On 8/26/19 1:16 PM, Vlastimil Babka wrote:
> In most configurations, kmalloc() happens to return naturally aligned (i.e.
> aligned to the block size itself) blocks for power of two sizes. That means
> some kmalloc() users might unknowingly rely on that alignment, until stuff
> breaks when the kernel is built with e.g.  CONFIG_SLUB_DEBUG or CONFIG_SLOB,
> and blocks stop being aligned. Then developers have to devise workaround such
> as own kmem caches with specified alignment [1], which is not always practical,
> as recently evidenced in [2].
> 
> The topic has been discussed at LSF/MM 2019 [3]. Adding a 'kmalloc_aligned()'
> variant would not help with code unknowingly relying on the implicit alignment.
> For slab implementations it would either require creating more kmalloc caches,
> or allocate a larger size and only give back part of it. That would be
> wasteful, especially with a generic alignment parameter (in contrast with a
> fixed alignment to size).
> 
> Ideally we should provide to mm users what they need without difficult
> workarounds or own reimplementations, so let's make the kmalloc() alignment to
> size explicitly guaranteed for power-of-two sizes under all configurations.
> What this means for the three available allocators?
> 
> * SLAB object layout happens to be mostly unchanged by the patch. The
>   implicitly provided alignment could be compromised with CONFIG_DEBUG_SLAB due
>   to redzoning, however SLAB disables redzoning for caches with alignment
>   larger than unsigned long long. Practically on at least x86 this includes
>   kmalloc caches as they use cache line alignment, which is larger than that.
>   Still, this patch ensures alignment on all arches and cache sizes.
> 
> * SLUB layout is also unchanged unless redzoning is enabled through
>   CONFIG_SLUB_DEBUG and boot parameter for the particular kmalloc cache. With
>   this patch, explicit alignment is guaranteed with redzoning as well. This
>   will result in more memory being wasted, but that should be acceptable in a
>   debugging scenario.
> 
> * SLOB has no implicit alignment so this patch adds it explicitly for
>   kmalloc(). The potential downside is increased fragmentation. While
>   pathological allocation scenarios are certainly possible, in my testing,
>   after booting a x86_64 kernel+userspace with virtme, around 16MB memory
>   was consumed by slab pages both before and after the patch, with difference
>   in the noise.
> 
> [1] https://lore.kernel.org/linux-btrfs/c3157c8e8e0e7588312b40c853f65c02fe6c957a.1566399731.git.christophe.leroy@xxxxxx/
> [2] https://lore.kernel.org/linux-fsdevel/20190225040904.5557-1-ming.lei@xxxxxxxxxx/
> [3] https://lwn.net/Articles/787740/
> 
> Signed-off-by: Vlastimil Babka <vbabka@xxxxxxx>

So if anyone thinks this is a good idea, please express it (preferably
in a formal way such as Acked-by), otherwise it seems the patch will be
dropped (due to a private NACK, apparently).

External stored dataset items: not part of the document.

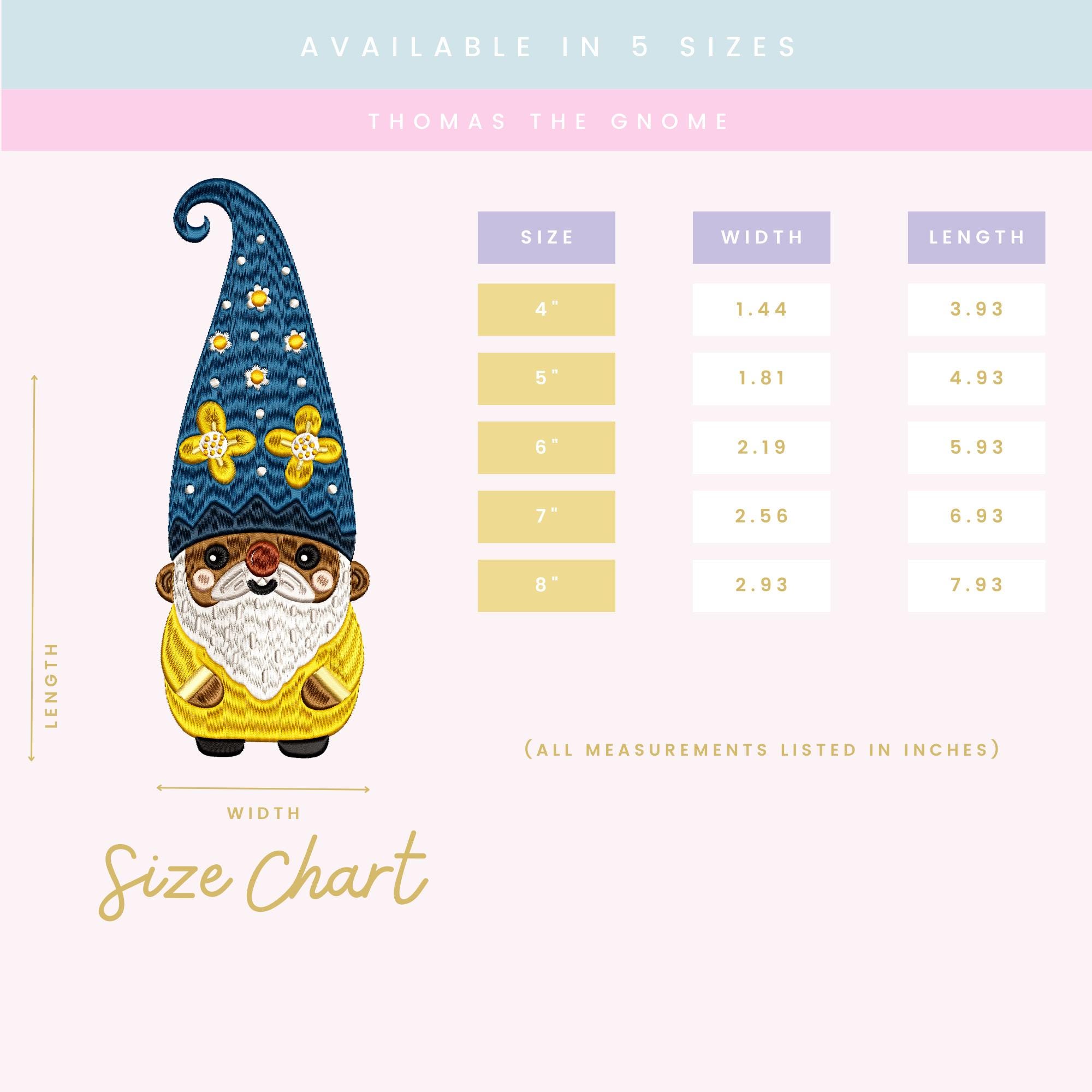 Add a charming woodland touch to your embroidery projects with Thomas the Gnome. Featuring a whimsical gnome with a tall patterned hat, delicate floral accents, and a cheerful expression, this design brings cozy storybook character to any handmade creation.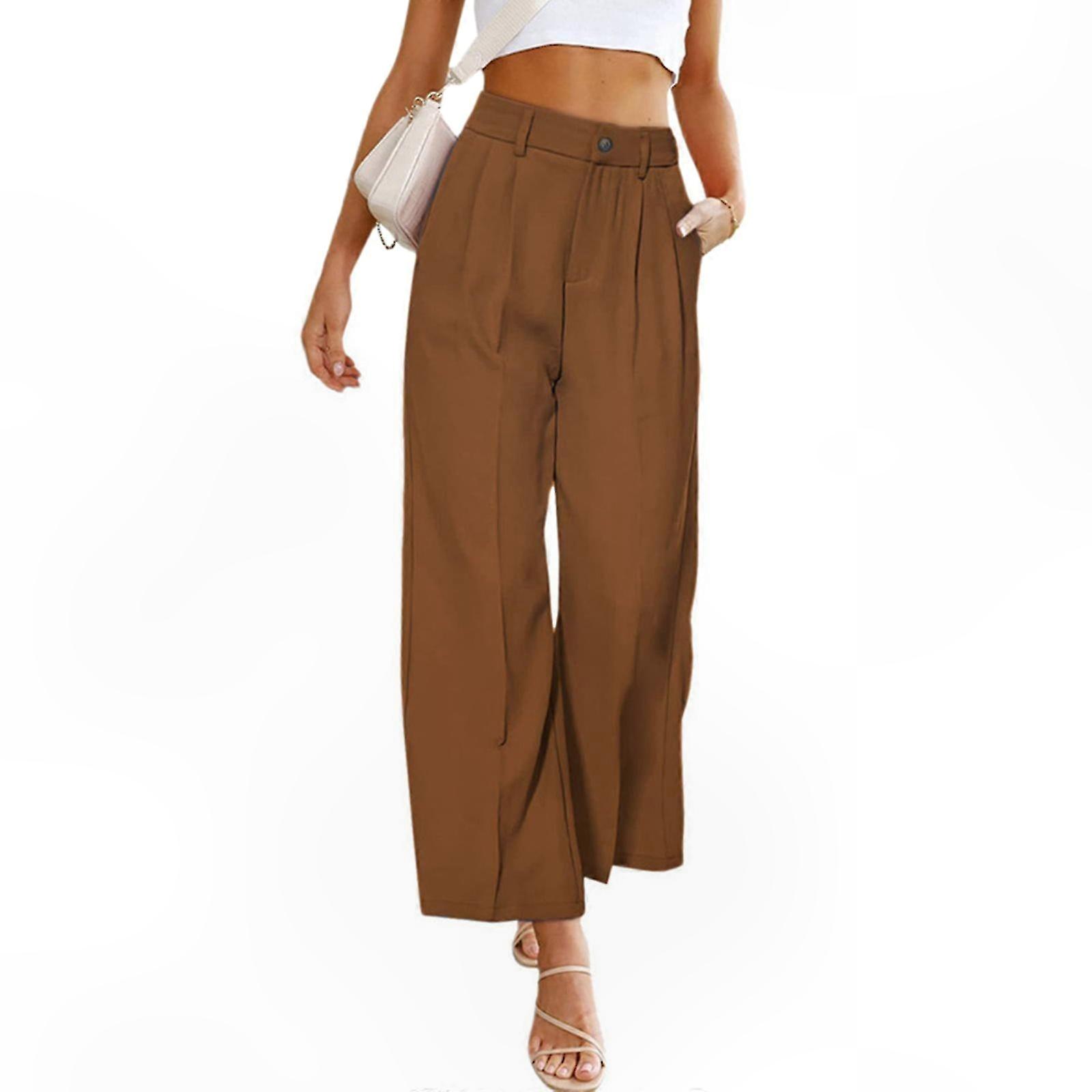 Dark Brown High Waist Wide Leg Trousers for Women - Elastic Casual Ankle Length Pants 3XL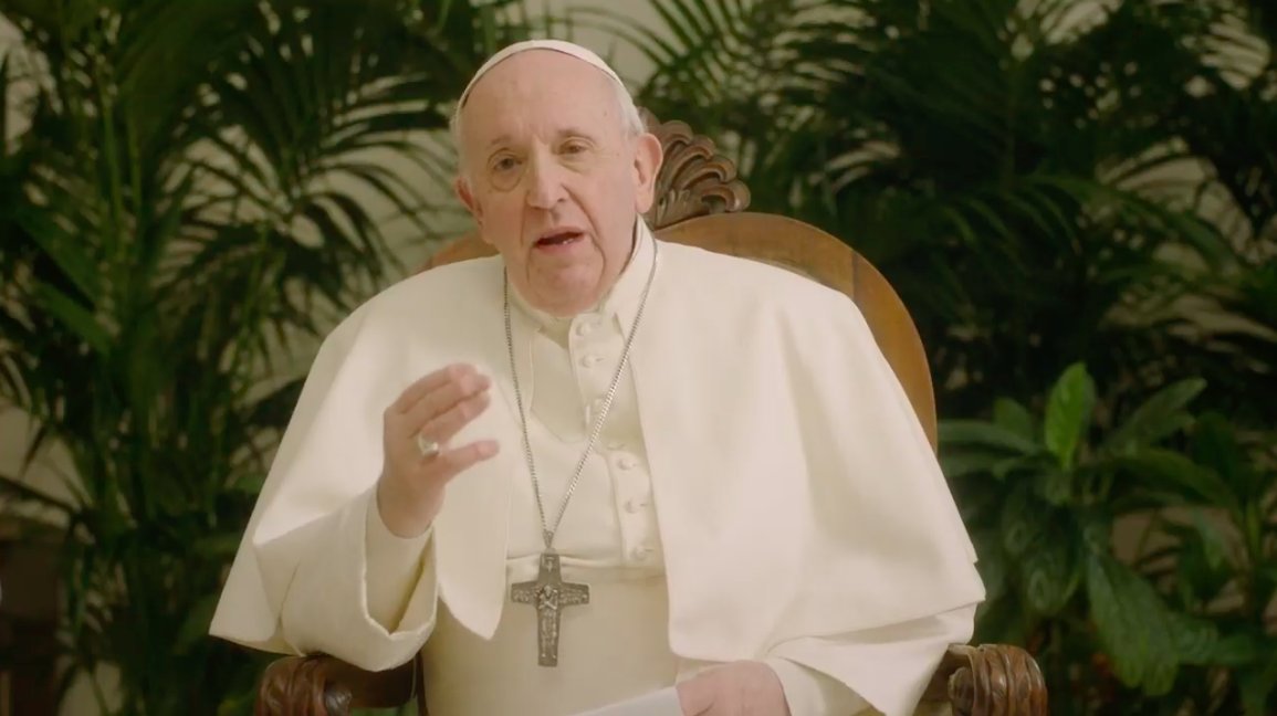 A screen capture shows Pope Francis speaking during a Feb. 4, 2021, virtual meeting marking the International Day of Human Fraternity, a new effort to promote dialogue between cultures and religions. The pope was among several world and religious leaders who participated in the meeting. (CNS photo)

Otherwise I don't think there can be an objective conclusion. On the one
hand we avoid further problems and workarounds due to misalignment (or
objects allocated beyond page boundary, which was only recently
mentioned), on the other hand we potentially make future changes to
SLAB/SLUB or hypotetical new implementation either more complicated, or
less effective due to extra fragmentation. Different people can have
different opinions on what's more important.

Let me however explain why I think we don't have to fear the future
implementation complications that much. There was an argument IIRC that
extra non-debug metadata could start to be prepended/appended to an
object in the future (i.e. RCU freeing head?).

1) Caches can be already created with explicit alignment, so a naive
pre/appending implementation would already waste memory on such caches.
2) Even without explicit alignment, a single slab cache for 512k objects
with few bytes added to each object would waste almost 512k as the
objects wouldn't fit precisely in an (order-X) page. The percentage
wasted depends on X.
3) Roman recently posted a patchset [1] that basically adds a cgroup
pointer to each object. The implementation doesn't append it to objects
naively however, but adds a separately allocated array. Alignment is
thus unchanged.

[1] https://lore.kernel.org/linux-mm/20190905214553.1643060-1-guro@xxxxxx/